A similar sort of study, to improve the management of banana Xanthomonas wilt (BXW), started in March in Rwanda, where banana is an important staple and cash crop. BXW spreads from mat to mat primarily by insects and contaminated tools, as well as infected planting material. As with late blight, collective action is more effective for controlling the disease.

Mariette McCampbell and Julissa Galarza Villamar, also Ph.D. candidates at WUR, developed an experimental board game that is played by four farmers at a time. During the game, farmers have to make decisions to prevent and control BXW, which brings out the kinds of dilemmas they have to deal with. Communication among the farmers is one factor being investigated, and the game itself is sandwiched between a pre-game survey and a post-game group interview to draw out the farmers’ reflections not just on the game but on BXW and the need for collective action.

The Covid-19 pandemic measures forced the field team to halt activities before completion. While waiting for restrictions to be relaxed, Mariette and Julissa are focusing on analysis of the rich qualitative data they already have. Their preliminary observations from this are already revealing a promising side effect of playing games with farmers.

“Farmers told us that not only do they enjoy participating in this type of research method, but also they learn much about banana production and the importance of collaborating when they’re fighting a public bad like BXW,” McCampbell and Galarza Villamar noted in a preliminary report.

Challenges remain

In banana and potato, research on disease management in the past has tended to focus on biophysical and technical aspects. Those are certainly necessary, but they are not sufficient.
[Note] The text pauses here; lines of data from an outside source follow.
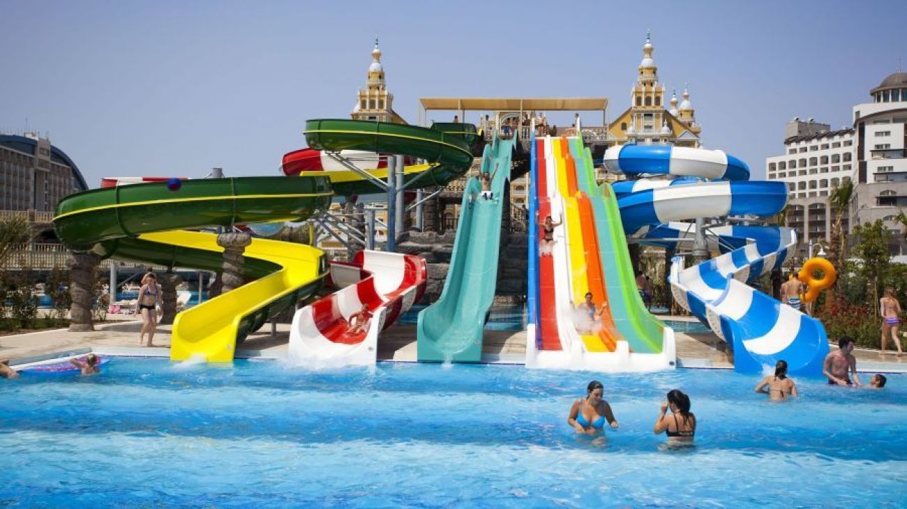открит басейн, закрит басейн, 5 водни пързалки, лекарски кабинет, фризьорски салон, магазини, пералня, химическо чистене, 3 конферентни зали, 1 банкетна зала.
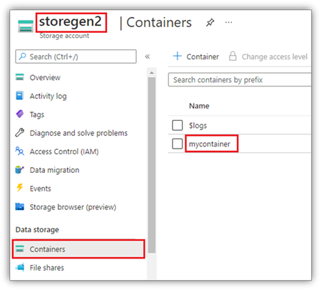 ตัวอย่างนี้ถือว่า คุณมีบัญชี Data Lake Storage รุ่น2 หนึ่งบัญชีที่ชื่อว่า storegen2 และบัญชีมีคอนเทนเนอร์หนึ่งชื่อว่า mycontainer ที่คุณต้องการติดตั้ง /test ลงในเซสชัน Spark ของสมุดบันทึกของคุณ
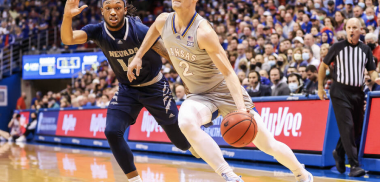 Nevada used a 5-0 run to get within six, 24-18, at the 8:19 mark, but a 7-0 run by the Jayhawks pushed the lead back to 13. KU would end the half in style, breaking a 7-0 Nevada run with consecutive 3-pointers from Christian Braun and Remy Martin, followed by a windmill dunk from Ochai Agbaji to push the lead to 12 at half. Braun led the way for the Jayhawks with 14 first-half points.
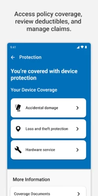 ● Coverage Dashboard — View program features and benefits, check your service fees and deductibles, review your coverage documents and full program details, and file and track a claim.
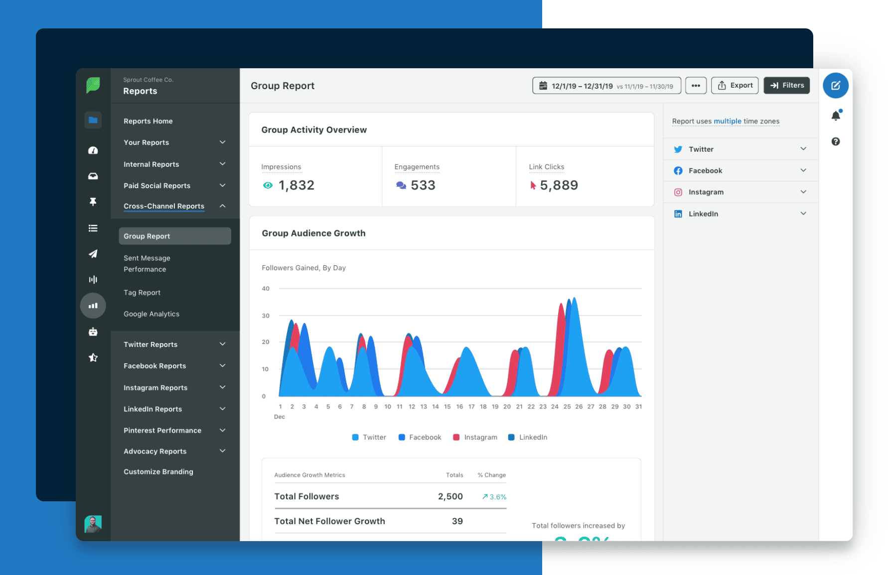 - Its exhaustive analytics and reporting functionality allows you to track your audience growth, impressions, post engagement and link clicks across all channels in one place.
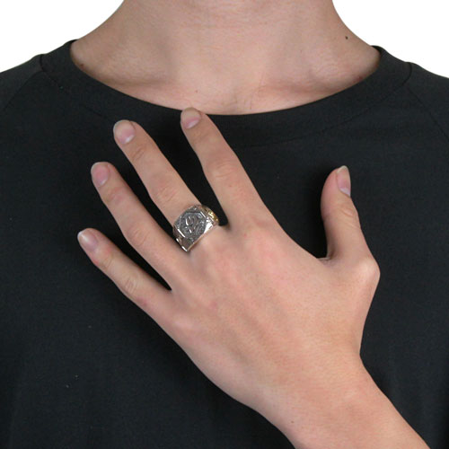 HOME指輪・リング シルバーアクセサリー cenote r0385 【シルバーアクセサリー】 守護梵字 不動明王リング 価格: ¥12,900 (税込) [ポイント還元 1,290ポイント~] 販売期間: レビュー特典: 選択してください 投稿しない(特典なし) 投稿します(シルバー磨き同封) 数量: 個 サイズ在庫購入15号○ 17号○ 19号○ 21号× 23号× 25号× 27号× 29号× サイズ在庫購入15号○ 17号○ 19号○ 21号× 23号× 25号× 27号× 29号× 返品についての詳細はこちら レビューはありません 酉年(とり)の守護梵字である不動明王(カーン)を彫り込んだシルバーリングです。 不動明王が右手に持つ剣と十三仏真言を唱える際に結ぶ印相を真鍮でデザインしています。 この梵字は厄除け・開運吉祥の功徳があり持つだけでお守りになると言われています。 素材:スターリングシルバー925 真鍮 サイズ[幅:16mm 厚さ:5mm 重さ:15g] ※サイズには多少の個体差があります。 ■オススメアクセサリー■ cenote p0358 【シルバーアクセサリー】 三日月兎ペンダント ¥4,790(税込) cenote p0656 【シルバーアクセサリー】 バリねこガムランボールペンダント ¥15,000(税込) cenote e0568p 【シルバーアクセサリー】 結び目玉ウサギピアス ピンク ¥7,800(税込) cenote e2050 【シルバーアクセサリー】 ジッパーシルバーイヤーカフ ¥4,800(税込) cenote r0436 【シルバーアクセサリー】 かえる顔リング ホワイトジルコニア ¥6,300(税込) cenote r0375 【シルバーアクセサリー】 アラベスクツインリング ¥7,800(税込) cenote r0292 【シルバーアクセサリー】 ダブル唐草リング ホワイトジルコニア ¥11,000(税込) cenote s0033 【シルバーアクセサリー】 メキシカンマリアオイルライター ¥80,900(税込) cenote s0050 【シルバーアクセサリー】 アラベスクペーパーナイフ ¥22,000(税込) cenote s0048 【シルバーアクセサリー】 ボーンハンド純銀灰皿 ¥130,000(税込)

Challenges remain in socio-cultural, economic, institutional, and political domains that affect the ability to control diseases at all levels, from national governments to farmers in a village.

This preliminary research shows that by making use of information technology and tailored forms of learning, farmers can gain the insights needed to manage these threats to their livelihoods more effectively. When working together as a community by sharing information, everyone wins.